A Perranporth barn brief almost always splits down the same way: is it Class Q permitted development, full planning, or a heritage rebuild? We answer that in the first site visit so the rest of the programme has a foundation. Cornwall Council's barn caseload is mature here, which works in your favour when the application reads correctly. Cornish housing stock is brilliant and infuriating in equal measure. We renovate cottages, farmhouses, mid-century homes and post-war estates — opening up layouts, fixing damp, adding light and bringing the property up to a standard worth living in. Every Perranporth project we take on begins with reading the local context — Perranporth is a north coast surf village with a vast three-mile beach backed by Penhale Sands, a busy summer population and a planning landscape shaped by holiday-let pressure, with a building stock that leans toward modern apartment developments and Victorian terraces above the village.

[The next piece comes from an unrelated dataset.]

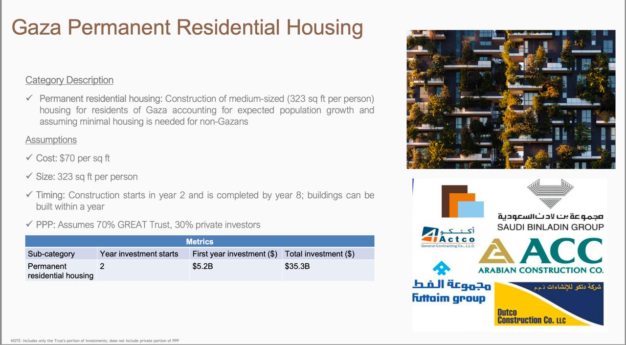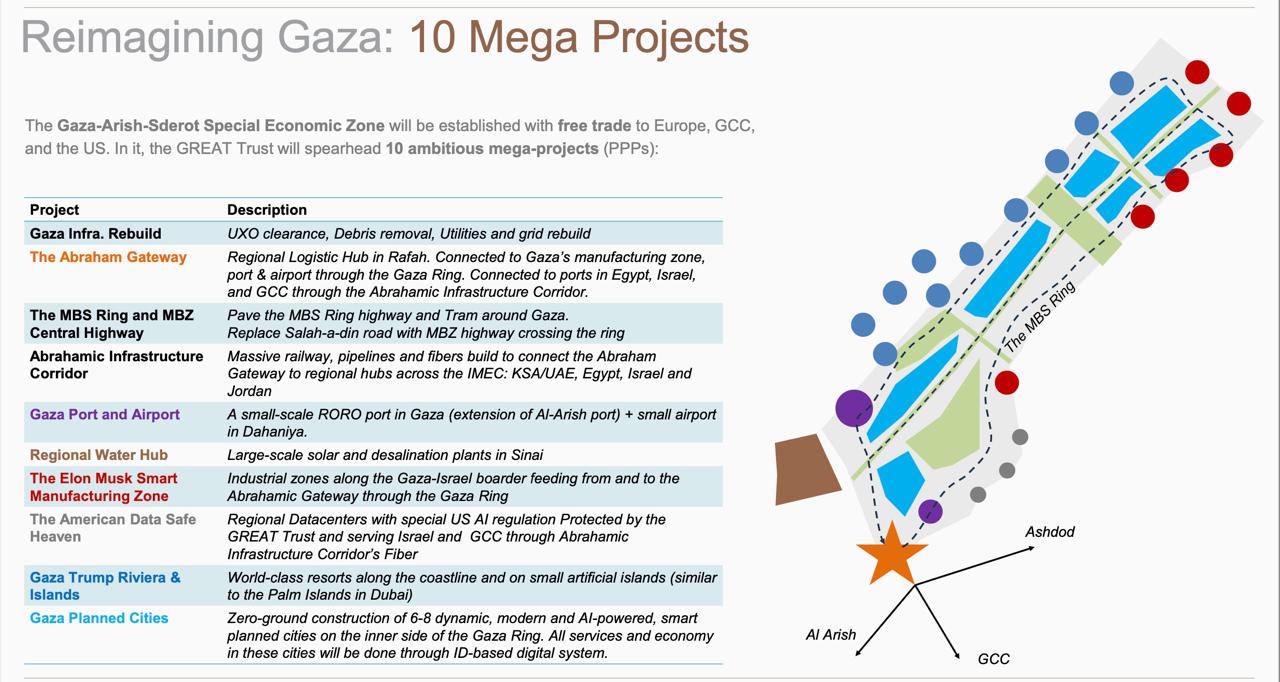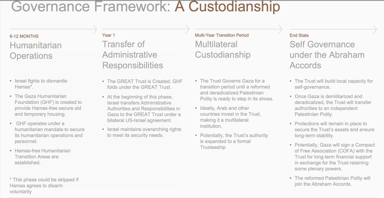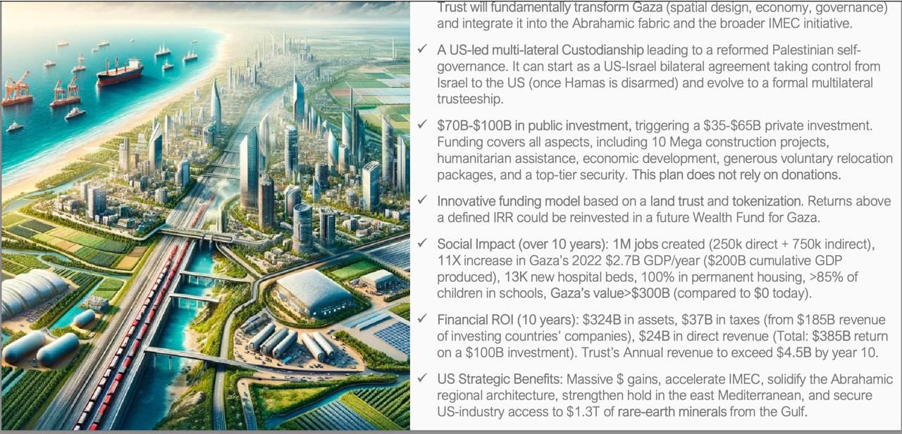 De acuerdo al plan del GREAT Trust, obtenido y difundido por las periodistas Karen DeYoung y Cate Brown del diario Washington Post, el territorio de Gaza arrebatado a los palestinos quedaría bajo “protección” de Estados Unidos durante 10 años, en que sería gobernado por una autoridad multi-nacional (posiblemente como mencionamos, el ex primer ministro Tony Blair, Jared Kushner, yerno del presidente Trump y otros, entre los que no se ha decidido un representante palestino) y por un Fondo Fiduciario “que tiene un ambicioso plan”, que asegura, generaría ganancias superiores a los 100 mil millones de dólares en 10 años.

Perranporth sits in North Cornwall — covering TR6 from St Agnes, Goonhavern outward.

  • Cornwall AONB
  • Coastal exposure zone
  • Class Q feasibility screened before design fee
  • Full planning route mapped as a parallel option
  • Structural engineer brought in at week two
  • Heritage statement included where the barn pre-dates 1900

Who this is for

Perranporth runs the full mix — owner-occupier, holiday-let, commercial and the occasional smallholding — so we scope every renovation enquiry from the use-class up.

Local watch-list

The TR6 constraints that shape a renovation brief.

  • Watch #1

    AONB landscape-impact scrutiny on visible elevations

  • Watch #2

    Coastal exposure driving fixing, render and joinery spec

Local proof — We typically have one or two renovation jobs live in the TR6 area at any time, so the local planning officers know our drawings on sight.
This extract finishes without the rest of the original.